Sunday, May 26, 2013

@TCFKSM: Jason Stanford rightly states "Time to Stop Waiting for Superman"

First published on @TCFKSM on May 26, 2013


"According to Whitmire, Rhee and Fenty should have paid heed to the "fears" of African Americans, but not because there were any actual race issues during Rhee's tenure. Racism in DC is all done now--all that racism and "experimentation" is history and happened 1960s and 1970s. According to Whitmire, black people in DC perceived racism under Rhee, but it was all in their over-sensitive, incompetent little heads." — Rachel Levy

Michelle Rhee, champion of corporate ProfitsFirstAs Michelle Rhee's destructive trail of bigotry, deception, and duplicity comes under more and more scrutiny every day, her list of detractors expands, and her reptilian defenders back ever further into their rocky crevices.
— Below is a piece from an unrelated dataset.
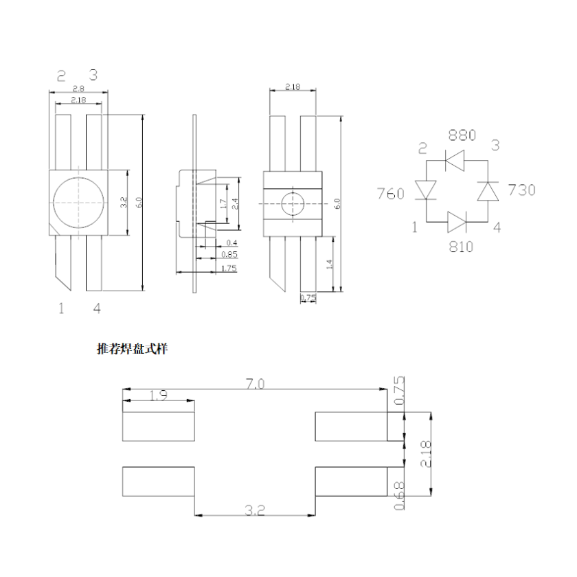 6028反贴片led 红光红外四芯灯珠脑部神经衰弱灯珠3528四脚反贴 立即咨询

The John Merrow work has seemingly given more mainstream writers a license to speak truth to Rhee and her handlers' power. It's nice to know that the dark past when anyone challenging Eli Broad's snarling TFA lapdog was immediately chastised as a strident defender of the status quo by poverty pimps including Jonathan Alter, Alexander Russo, Jay Mathews, and Richard Whitmire is long gone. Now it's open season on the broom wielding darling of the corporate education reform cabal, and I couldn't be more overjoyed.

A piece I missed earlier this week was Jason Stanford's Time to Stop Waiting for Superman. Despite being written by a mainstream Democrat, it's entirely honest and draws all the right conclusions. The piece opens with the Rhee's regime of cheating in DC, and he gives an excellent overview of Rhee's tawdry career as an anthophila assassinating corporate education reformer.

Stanford's analysis asks important questions like "If Rhee's success was fake, is there any evidence that high-stakes testing works?" His commentary cites the The Broader, Bolder Approach to Education study and it also attacks the long standing lie of improved NAEP scores for children of color under Rhee's tyrannical rule of DC schools.

Never one to avoid piling on, I had the following to say following Stanford's article:

Somewhere corporate propagandists Richard Whitmire and Davis Guggenheim are cringing that their elaborate campaign of mendacity propping up this vile woman is finally being exposed for what it is. Jason Stanford's brilliant essay brings together all of the latest evidence against the "warrior woman" in a concise way that should have us all calling to see Rhee frog marched to the dock at The Hague.

The thing we need to realize is that it's us dissidents that created the space for these more mainstream attacks on the corporate reform machine. We speak truth to power regardless of the season. A few years ago, no one would have ever thought that Rhee and her policies were anything but untouchable, given the momentum of corporate reform. It's a testament to our perseverance that in this age of digital memory holes, the truth is still coming out about Rhee and her ilk. Let's keep our garlic and crosses handy, it's time to drive stakes through the frigid heart of corporate education reform.